**Requirement**
Write out exactly the lines below from the one containing "Below is an" to the last, both ends kept, and nothing more; skip all pictures.

**Supplied material**
○ ○ ○
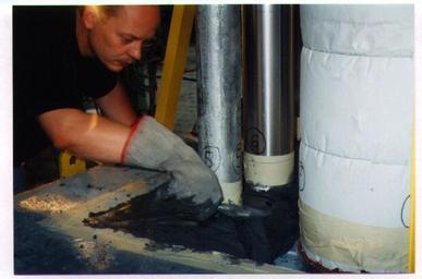 Keywords: Ulc prueflingsaufbau.jpg Construction of a test sample consisting of a mock-up concrete floor frame complete with penetrants The concrete frame measures approximately 5' x 9' x 4 ca 1 5m x 2 3m x 10cm It has a large hole in the centre with many mechanical and electrical services traversing The penetrants extend 1' 30cm into the furnace and 3' 91cm on the unexposed side A firestop mortar is being applied here Notice the intumescent http //multimedia mmm com/mws/mediawebserver dyn 6666660Zjcf6lVs6EVs666lX3COrrrrQ- wrap strip surrounding the fibreglass pipe insulation When the fire starts this embedded intumescent will swell to take up the place of the melting insulation The test was conducted in accordance with the Canadian firestop test method http //www ulc ca/ ULC S-115 in Scarborough Ontario Own 2005-06-24 Achim Hering Firestop installation equipment Firestops being installed Firestop mortar Plumbing Pipes Cement Thermal insulation Fibreglass Men at work 3M Fire Barrier Mortar Pipe covering |
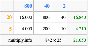 Below is an illustration showing you how to calculate 842 times 25 using the box method, using the instructions above.
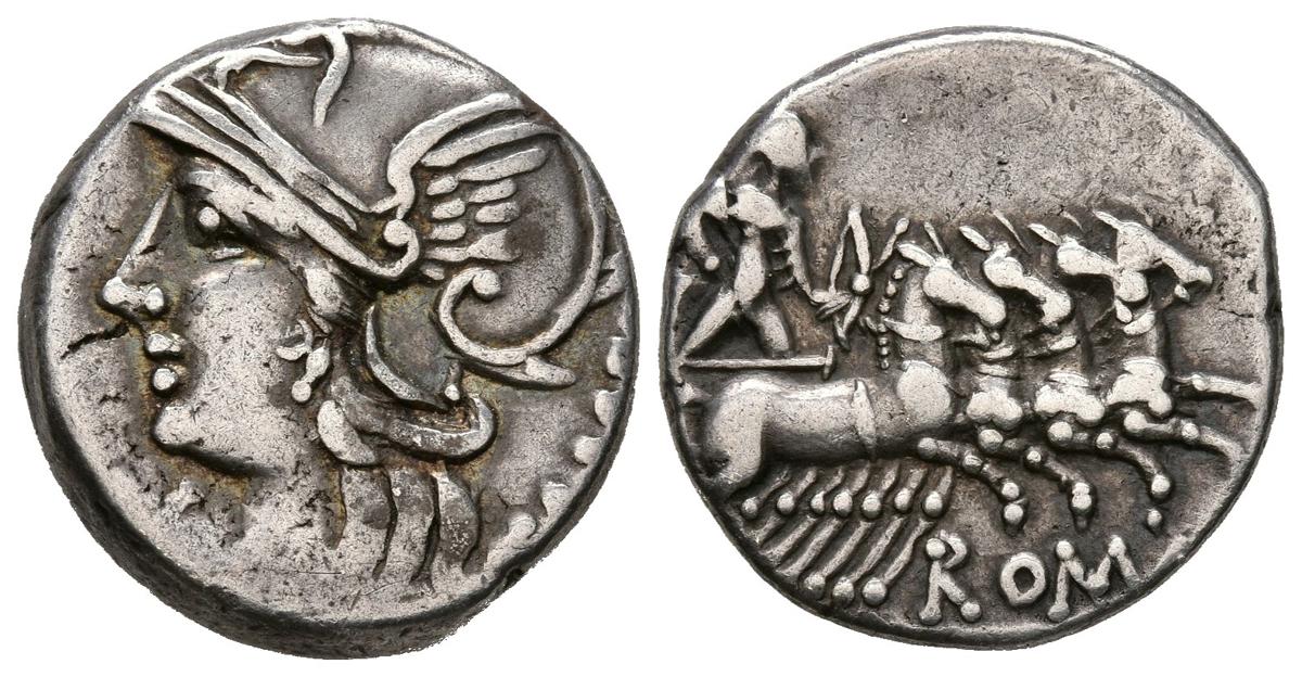 GENS BAEBIA. Denario. (Ar. 3,80g/17mm). 137 a.C. Roma. (Crawford 236/1a; FFC 198). Anv: Cabeza de Roma a derecha, delante: X, detrás leyenda: TAMPIL. Rev: Apolo conduciendo cuádriga, debajo: ROMA, en exergo: M BAEBI Q F. MBC.
○ ○ ○
**Answer box**
 Below is an illustration showing you how to calculate 842 times 25 using the box method, using the instructions above.
 GENS BAEBIA. Denario. (Ar. 3,80g/17mm). 137 a.C. Roma. (Crawford 236/1a; FFC 198). Anv: Cabeza de Roma a derecha, delante: X, detrás leyenda: TAMPIL. Rev: Apolo conduciendo cuádriga, debajo: ROMA, en exergo: M BAEBI Q F. MBC.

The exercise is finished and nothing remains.